The institution is also helping to chip away at the stereotype that African venues are unfit to exhibit repatriated material. “The Palais has resources that will certainly make collaboration easier,” says a spokesman of Berlin’s Humboldt Forum at the inauguration of the Palais de Lomé. The future museum, which is due to open in 2020, will house Berlin’s non-European ethnological collections. They contain a number of Togolese objects taken during the German colonial period between 1884 and 1916. During a state visit to Germany in 2018, President Gnassingbé met with Hermann Parzinger, the president of the Prussian Cultural Heritage Foundation, to discuss the future presentation of these artefacts. “There is great interest on both sides to work together, which was expressed on the highest level,” the spokesman says, adding that the forum’s west Africa curator is expected to visit the Palais de Lomé in the coming months.

Sandwiched between Ghana and Benin on the Gulf of Guinea, the small nation of Togo is among the poorest countries in the world. Political instability and human rights violations have hampered opportunities for foreign investment since the end of colonial rule. But the creation of the Palais de Lomé is the latest indicators that the country, rich in phosphates and home to the only deep-water port in coastal west Africa, is developing into an important economic and transport hub in the region (Asky airlines has its hub at Lomé-Tokoin Airport).

“After a series of political, economic and social crises in the 1990s and 2000s, Togo was shunned and portrayed as a wasteland by Togolese artists and writers who rarely spoke about the possibility of future artistic regeneration in a land they are now at odds with.

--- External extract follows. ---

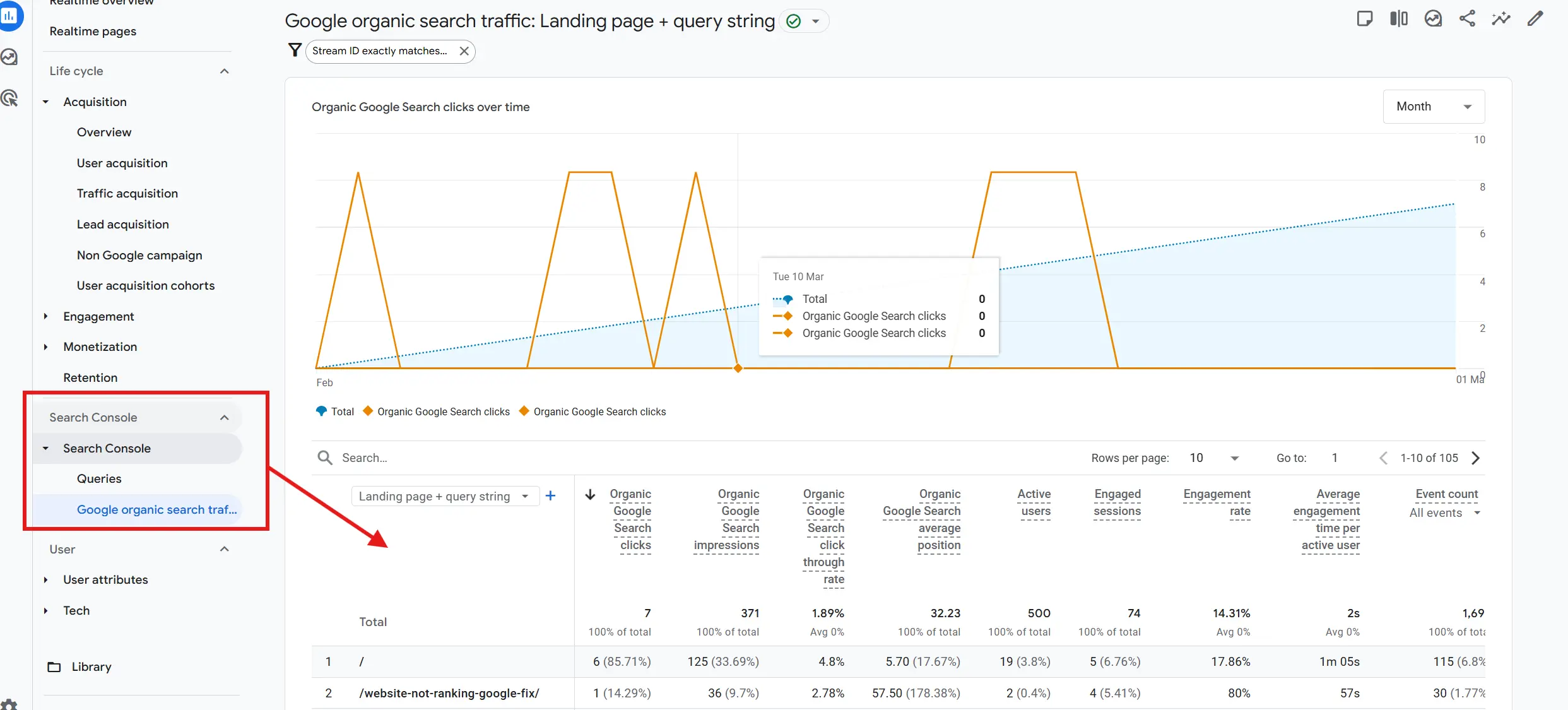 If you have linked Search Console, you can also open the Google organic search traffic report. That report shows landing pages with their Search Console and Analytics metrics. If you cannot see it, go to the Library in GA4 and publish it from there. That report is useful when you want to see which pages get organic visits and which devices or countries those visits come from.

In that sense, the Palais de Lomé can be seen as a gesture of goodwill offered by the President, Faure Gnassingbé, to those who turned their backs on Togo,” writes Claude Grunitzky on his media platform True Africa. Grunitzky is an editor of Togolese descent and the founder of the global lifestyle publication Trace. “The Palais de Lomé is not a perfect museum, but it’s just the kind of museum a city like Lomé needs right now,” he adds.

Lawson says there is no censorship on artists in Togo. The issue, rather, is that “if you want to express yourself freely as an artist, you must have the opportunity to be shown.”